Pemerintah Brasil melaporkan, sebanyak 64 orang tewas dalam operasi tersebut. Dari jumlah itu, 60 di antaranya diduga anggota geng narkoba, sementara empat lainnya merupakan anggota kepolisian. Bagi banyak penduduk Rio, angka ini mencerminkan kekerasan yang terus berulang di kawasan miskin perkotaan yang kerap menjadi medan tempur aparat dan sindikat kriminal.

Operasi kali ini disebut sebagai yang terbesar dalam sejarah Rio de Janeiro. Sekitar 2.500 polisi bersenjata lengkap diterjunkan untuk menyerbu dua wilayah yang dikenal rawan kriminalitas Complexo da Penha dan Complexo do Alemao. Dukungan dua helikopter, 32 kendaraan lapis baja, dan 12 kendaraan pembongkar menandai betapa masifnya operasi itu. Polisi bahkan harus menghancurkan barikade yang dipasang geng untuk menghalangi akses masuk ke lorong-lorong sempit favela.

Suasana mencekam juga terasa hingga sekitar bandara internasional Rio de Janeiro. Menurut laporan AFP, suara baku tembak terdengar sepanjang hari, disertai kepulan asap dari beberapa titik kebakaran. Warga memilih bersembunyi di dalam rumah, sementara toko-toko tutup untuk menghindari risiko peluru nyasar.

Kepolisian menuding kelompok Comando Vermelho (Komando Merah) sebagai target utama operasi, kelompok yang disebut sebagai salah satu sindikat narkoba terbesar di Brasil.

“Polisi menyita setidaknya 42 senapan beserta sejumlah besar narkoba. Sekitar 81 orang ditangkap,” ujar Gubernur Negara Bagian Rio de Janeiro, Claudio Castro, yang memuji keberanian aparat dalam operasi tersebut.

Namun, di sisi lain, gelombang kritik bermunculan. Banyak pihak menilai operasi ini memperburuk penderitaan warga sipil di kawasan miskin. Anggota Kongres Henrique Vieira, yang juga seorang pendeta evangelis, menuding pemerintah memperlakukan warga favela layaknya musuh negara.

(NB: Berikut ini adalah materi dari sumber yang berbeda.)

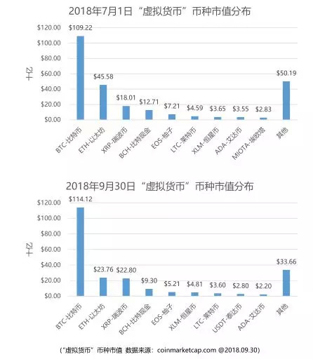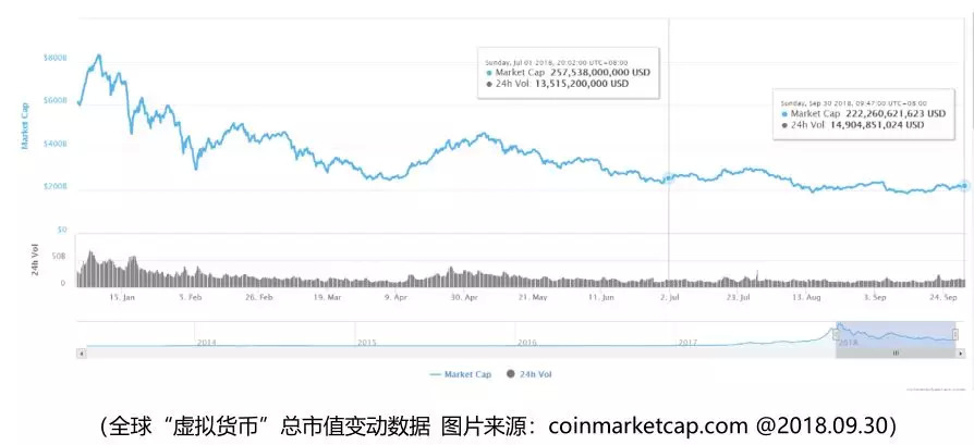 2018年7月1日至2018年9月30日三个月期间,全球“虚拟货币”的总市值持续5月以来的低迷,总体依然呈现下跌趋势。
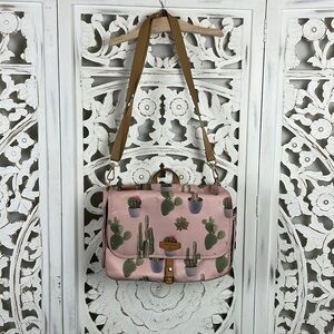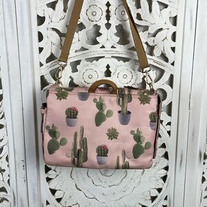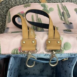 Twelve Little On-the-Go stroller caddy diaper bag with blush color and cactus print. Adjustable strap, wipes dispenser pocket, two sections inside with three more pockets. The top flap has zipper access. The stroller straps still work but the clips are loose. I bought another set on Amazon that I use on our stroller. GUC with normal wear, but we didn't use it a ton. There is some dusting around the edges of the bag and the bottom, some light rubs but no stains or tears. Dimensions: 13"x9"x6" Smoke free and dog friendly home.
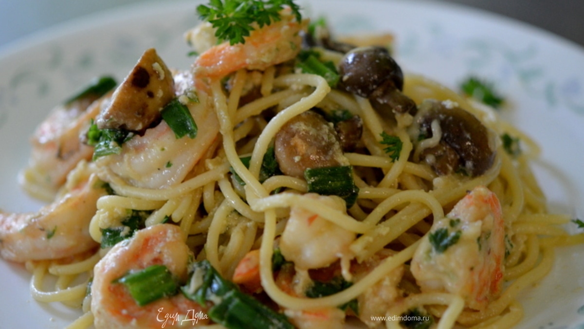 Спагетти с креветками и грибами
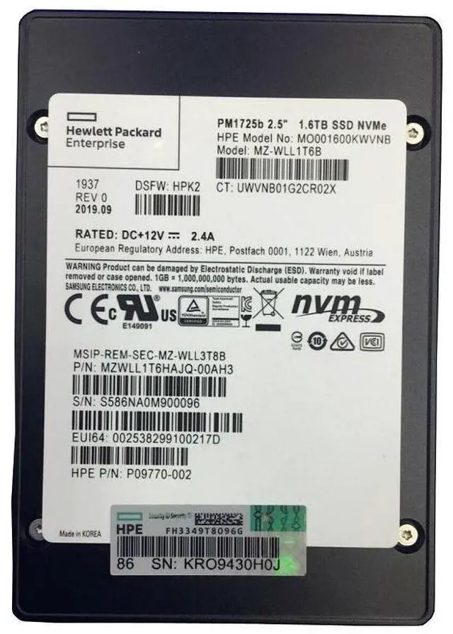 Product Description: SAMSUNG Pm1725b MZWLL1T6HAJQ-00AH3 - Solid State Drive - 1.6 Tb - Pci Express 3.0 X4 (nvme)
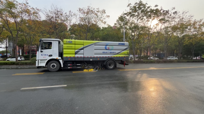 高压清洗车率先在门路中间作业,以 14km/h 的速度稳定行进。其接纳的三弯对冲装置作业宽度可达≥24m,能够输出强劲水流,将路面上的垃圾、灰尘等冲至路沿石四周。同时,配备的流量为 120L/min 的喷水架开启作业,可有效清洗路面上的陈腐污渍。

“Pemerintah negara bagian memperlakukan favela sebagai wilayah musuh, dengan izin untuk menembak dan membunuh,” tulisnya di X.

Komisi Hak Asasi Manusia Majelis Legislatif Negara Bagian Rio juga mengecam tindakan tersebut. “Komisi Hak Asasi Manusia dari Majelis Legislatif Negara Bagian Rio akan menuntut penjelasan tentang keadaan tindakan tersebut, yang sekali lagi telah mengubah favela Rio menjadi medan perang dan barbarisme,” ujar Anggota Kongres Dani Monteiro.

Kritik itu bukan tanpa dasar. Data menunjukkan, sepanjang tahun lalu sekitar 700 orang tewas akibat operasi polisi di Rio rata-rata hampir dua orang per hari. Meski Mahkamah Agung Brasil sempat memberlakukan pembatasan operasi antinarkoba pada 2020, termasuk larangan penggunaan helikopter di wilayah padat penduduk, aturan itu telah dicabut pada tahun ini.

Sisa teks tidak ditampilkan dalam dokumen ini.